Felicia Winnett November 15, 2014 at 8:27 pm

I just wanted you to be aware that a Facebook page called Southern Eats & Sweets is using your single mini image as their own on their page. It was posted Dec. 15, 2013. Just a heads up.

Urvashee November 17, 2014 at 10:45 am

Felicia, Thank you for the heads up. Unfortunately, these things happen. 🙁 I could not find it so they hopefully they took it down.

April November 15, 2014 at 9:24 pm

Do I have to make these in a mini cheesecake pan or could I do it in a cupcake pan with cupcake liners? Would it effect the taste, texture or bake time?

Urvashee November 17, 2014 at 10:35 am

Hi April. I don’t think it would affect taste or texture. The outside won’t have as smooth of an appearance and I’m not sure if it will lose shape as you tear away the liners.
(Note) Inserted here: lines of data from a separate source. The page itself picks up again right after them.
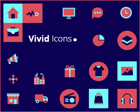 Enrich your pages with all the Vivid.js multicolor icons: you can customize the shades, set effects and add a link.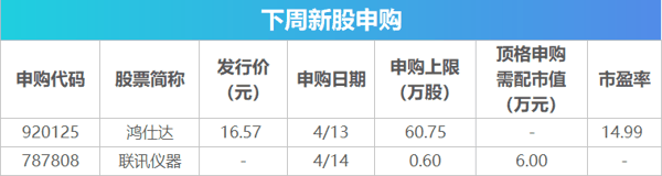 Wind数据显示,下周将有2只新股发行,具体来看,4月13日发行的是北交所 鸿仕达 ;4月14日发行的是科创板 联讯仪器 。此外,下周还有1只新股上市, 创达新材 将于4月13日在北交所上市。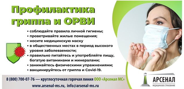 При возникновении вопросов о профилактических мероприятиях и медицинской помощи по полису ОМС, обращайтесь в ООО «Арсенал медицинское страхование» («Арсенал МС») по круглосуточному бесплатному телефону контакт-центра 8-800-700-07-76 . Наши страховые представители защитят ваши права и помогут вам.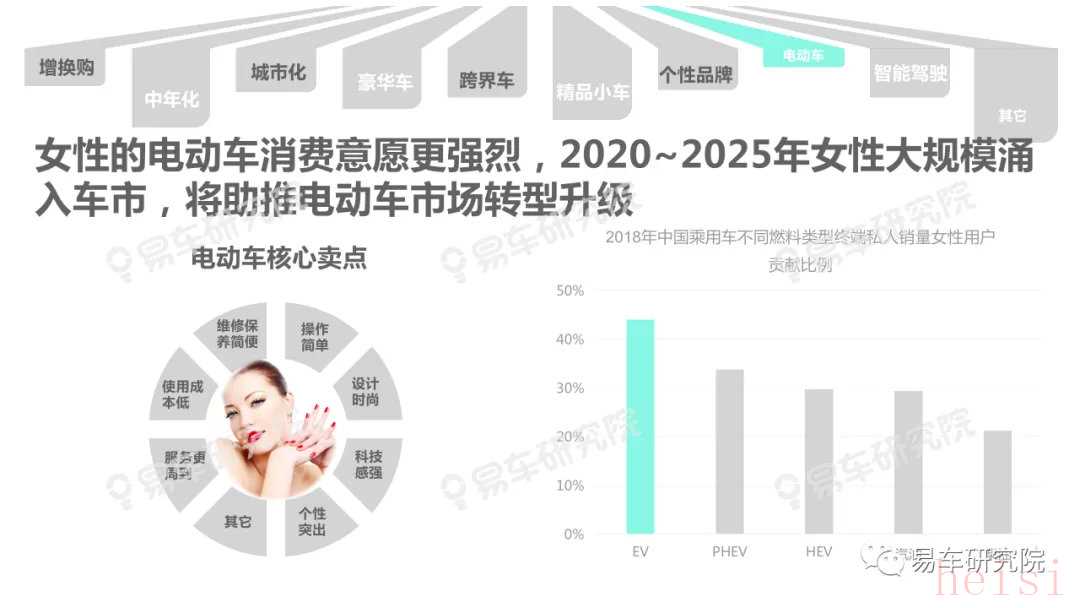 易车研究院《女性用户洞察报告(2020版)》认为,未来几年,女性用户将大量涌入纯电动车市场,持续助推电动车市场转型升级。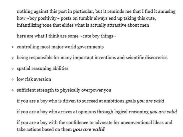 除了在社交平台上分享了自己的情感状态的变化,Ellison还列了一份“可爱男生特征”清单,这些特征包括“控制世界上大多数主要政府”,“足以压倒你的力量”和“对于低风险的厌恶”等等。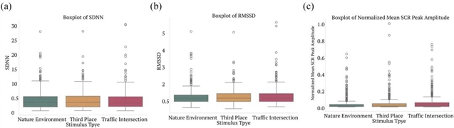 ▲ 图四:三种实验条件下生理反应的箱线图。(a)正常心跳间期标准差(SDNN);(b)相邻心跳间期差值均方根(RMSSD);(c)标准化平均皮肤电反应(SCR)峰值振幅。©本文作者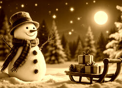 Edytor tapety: Bałwanek w kapeluszu i szaliku obok sanek z prezentami

You can try it and if its a problem then try to smooth it out with the backside of an offset spatula. The bake time should not vary by much- just keep an eye on it. Hope this helps.

Amy November 25, 2014 at 11:32 pm

Thank you for this recipe. I love this. Making this for the second time tonight. I didn’t have a mini cheesecake pan so I used cupcake liners and a muffin pan. I also doubled the recipe. I check it at 15 minutes to see if it sets because the cupcake size somewhat cooks faster. They are perfect and keep there shape just fine. Got requested to make them for our huge thanksgiving get together. Tip: Anytime I make any kind of cheesecake I put a pan of water in the bottom rack of the oven. Makes the cheesecake keep its moisture and prevents cracks.

Urvashee December 4, 2014 at 1:05 pm

Thanks Amy, I’m glad the cupcake liners worked out for you. Thanks for tip!